My Imaginary Bookshop and What’s Better Than Chocolates For Your Birthday

I’m over at the lovely Writer’s Little Helper today, talking about imaginary bookshops and why one sort of cake is never enough. And outside bits. You can read the whole thing here.

 

Let me know what would be in yours. My favourite wins a signed copy of Beautiful Words. You have a week.

 

And the lovely Jodi Cleghorn has posted a wonderfully thoughtful review of Beautiful Words here.

 

Beautiful Words is published on Monday. Things seem to be hotting up. And the butterflies in my stomach are breeding.

8 Comments on “My Imaginary Bookshop and What’s Better Than Chocolates For Your Birthday

  1.  by  Sherri

    I would love a bookshop. Mine would have staff with beautiful voices who would give customers personal readings of poems or random snippets from novels and stories to show them the loveliness between the covers.
    And it would have lots of copies of all of your books so that we never ran out. (Too much?
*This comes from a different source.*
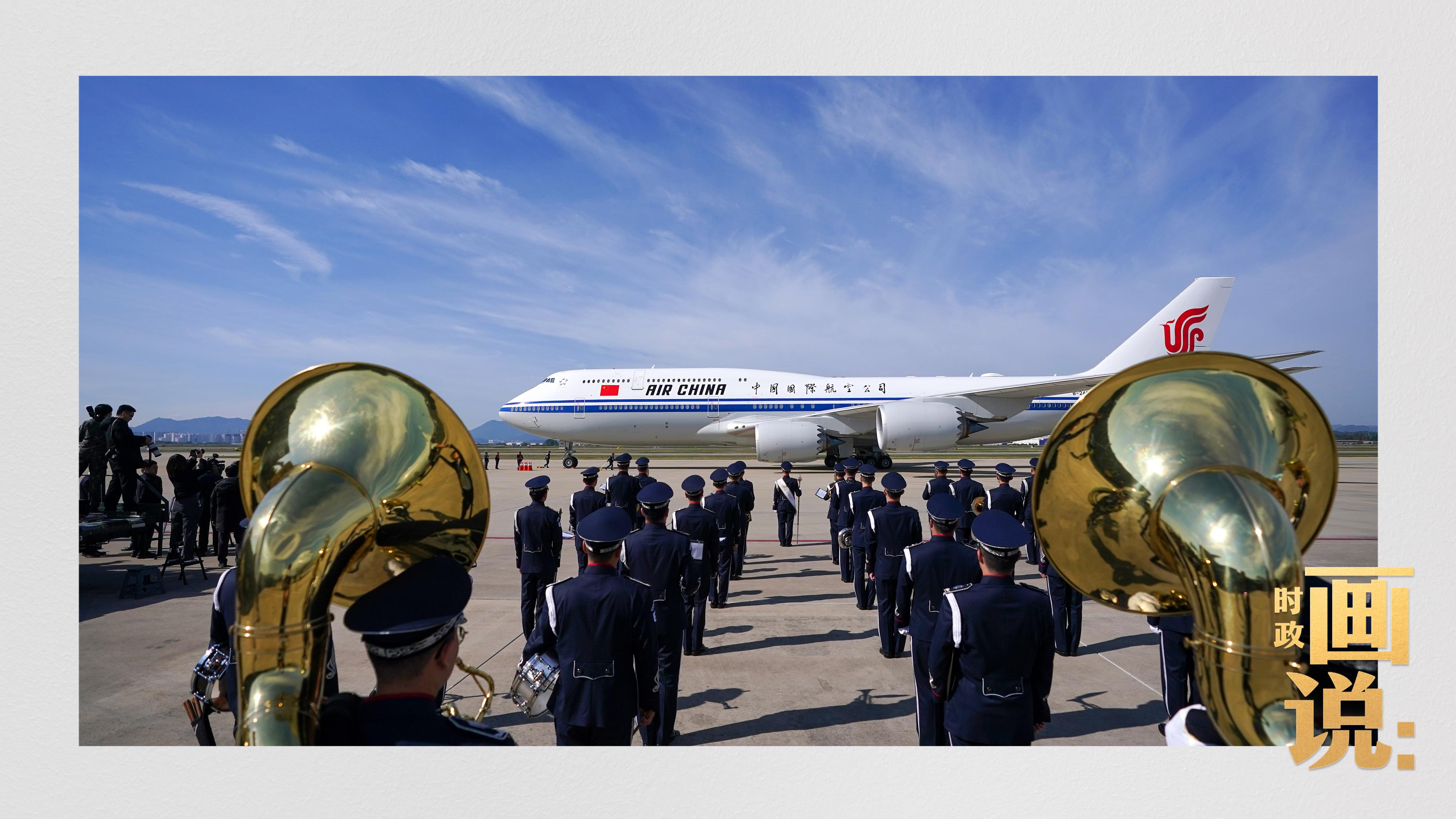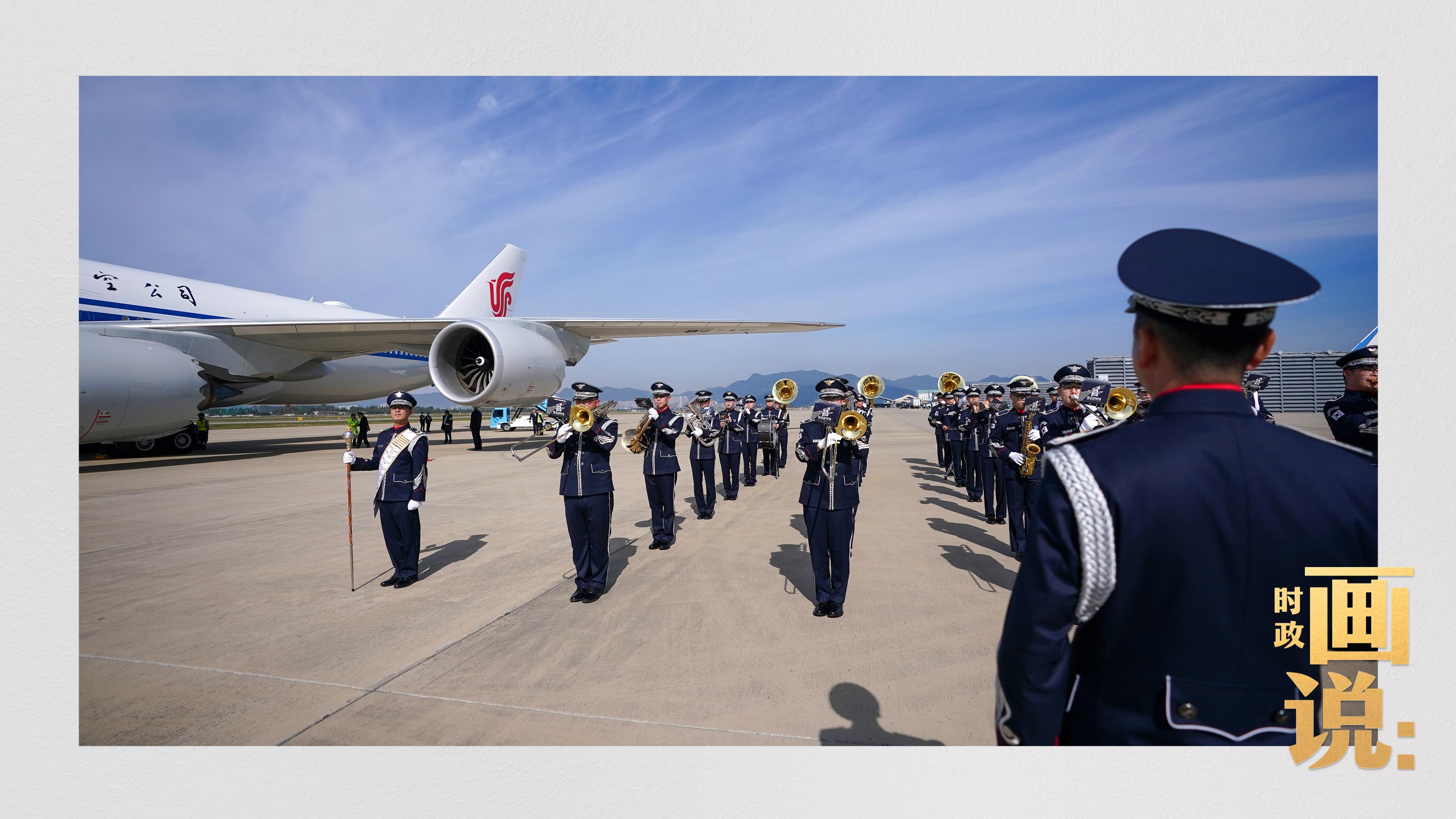 習(xí)近平抵達(dá)釜山金海國(guó)際機(jī)場(chǎng)時(shí),韓國(guó)外長(zhǎng)趙顯等高級(jí)官員熱情迎接。禮兵分列紅地毯兩側(cè)致敬,軍樂(lè)團(tuán)演奏行進(jìn)樂(lè),機(jī)場(chǎng)鳴放21響禮炮。

Well, worth a try!)

  2.  by  Laura Wilkinson

    Inside my bookshop would be an array of chaise-longues, velvet covered in tones of purple, blue and red, with plump cushions and side tables for tea and cake and chocolates. Inside my cake, you’d find a butter cream filling laced with brandy and fresh, fresh raspberries. Literary and sensory indulgence. Perfect.

  3.  by  Kit

    All the books would be displayed showing their covers rather than just their spines. Arty people put a lot into designing covers and I sometimes buy a book for its cover, and showing them off it would be like an art gallery and a bookshop rolled into one, and it would be splendid.

  4.  by  lesleyjjackson

    My bookshop would have an assortment of armchairs, so people could sit and talk, flick through a book alone, sit back to back or pull one up next to a friend. And, best of all, it would have a large section devoted to a variety of short stories (plotted and not so obviously plotted) and another section devoted to the sort of contemporary poetry that I can never find in a bookshop. Then the bookshop would really be a slice of heaven. I’d wear out an armchair!